F&W's editors taste thousands of wines every year. Here, their most memorable bottles of 2010.


Best Wines of 2010:

Ray Isle, Executive Wine Editor

For the Wine-Lover

Château Palmer Historical XIXth C. Wine ($250)

I was fascinated by this re-creation of a long-lost style of Bordeaux, from one of the region's greatest châteaus.

2007 El Pecado ($80)

2007 El Pecado ($80)

Spain's Ribeira Sacra region is remote, gorgeous and a source for brilliant reds. This complex, violet-scented Mencia blew me away.

2008 Hermann J. Wiemer Magdalena Vineyard Riesling ($36)

Context always helps: I had this bottle while playing cards upstairs in a restaurant in Chinatown with a group of friends from the wine business. But that doesn't diminish the wine, which is proof once again of how New York's Finger Lakes region is capable of producing Rieslings worthy of being poured side by side with the best ofGermany and Austria. It's powerful and sleek, with white peach and citrus notes and a lingering finish.

2001 Bodegas Marques de Murrieta Castillo Ygay Gran Reserva Especial ($55)

I first had this vintage of Ygay at a Rioja event in New York; I had it again at a tasting at Pebble Beach Food & Wine in April; and I liked it so much that I then poured it at my seminar on the great reds of Spain at our Food & Wine Classic in Aspen, in June. It is classic Rioja from a great vintage, and exemplifies everything that makes Rioja so appealing: silky cherry fruit, a kind of spicy earth note that suggests the Spanish terrain, and enough age (this is the current release) that all of its flavors and structural notes are in perfect balance.

Best Wines of 2010:

Megan Krigbaum, Associate Wine Editor

2008 Alice et Olivier De Moor Chablis Rosette ($38)

This minerally Chablis is from one of my favorite producers in the region, and it's also from an exceptional year.

Best Wines of 2010

2008 Man O'War Syrah ($22)

My money's on New Zealand as the next go-to spot for exquisite Syrah, like this luscious, peppery bottling from Waiheke Island.

Best Wines of 2010:

Kristin Donnelly, Associate Food Editor

2009 Les Vin Contés Poivre et Sel ($19)

I love the happy berry fruit and slight spice in this blend of Gamay and Pineau d'Aunis, two light bodied red grapes that both grow beautifully in the Loire Valley.

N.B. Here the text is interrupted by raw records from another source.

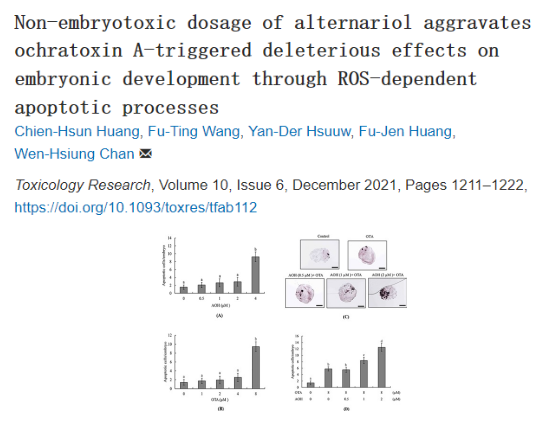 13. 非胚胎毒性剂量的链格孢霉通过 ROS 依赖的细胞凋亡诱导加重赭曲霉毒素 A 引发的对胚胎发育的有害效应
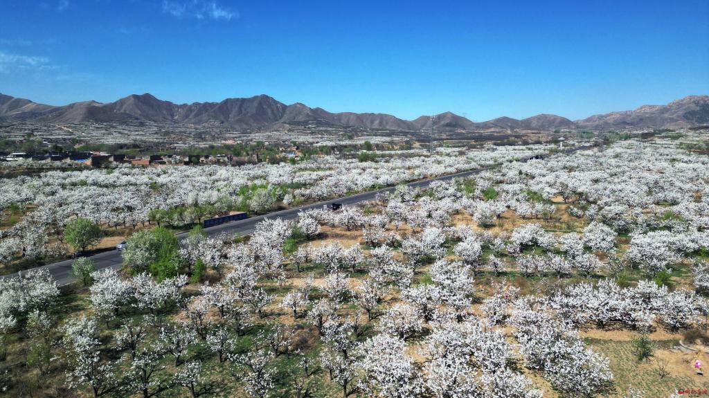 芳菲四月,在原平同川地區(qū)的黃色梯田上,晴雪綻放,香風(fēng)不斷,整個原野一片香雪海。清代詩人王佩鈺曾留下“十里香風(fēng)吹不斷,萬株晴雪綻梨花”的佳句,詩和遠方在梨花中完美交融。
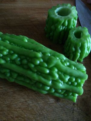 选一个新鲜的苦瓜洗净,切开几段把中间的仔去除。
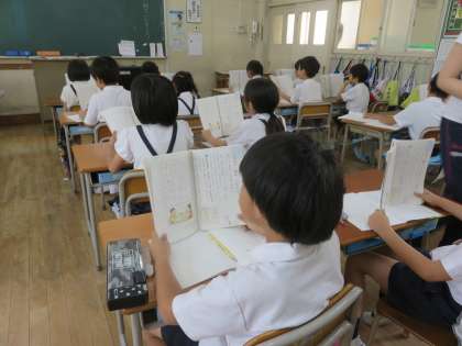 今日2年生の国語の授業では、言葉だけで絵の様子を伝える学習をしていました。

The Pineau d'Aunis from 60-year-old vines gives the wine a distinct peppery note, which inspired its name.

2006 Parr Selections Syrah Purisima Mountain Vineyard Santa Ynez Valley ($55)

Many California Syrah taste the same, but this bottling from superstar sommelier Rajat Parr of RN74 and the Michael Mina group is everything Syrah should be: Meaty and spicy with dark, mysterious fruit. It's pure pleasure to drink.

Best Wines of 2010:

Lawrence Marcus, Associate Digital Editor

2009 Marcel Lapierre Morgon ($25)

Marcel Lapierre, who died this year at 60, was the Beaujolais iconoclast who started a movement in the region toward making world-class wines. The 2009 is a perfect example: It's thoroughly delicious, ageable and affordable.

2006 Paolo Bea San Valentino ($33)

This Italian blend delivers an amazing amount of flavor on a rock-solid structure. My bottle's tart, tarry, violet-inflected flavors didn't reach their peak until it had been open for nearly 48 hours.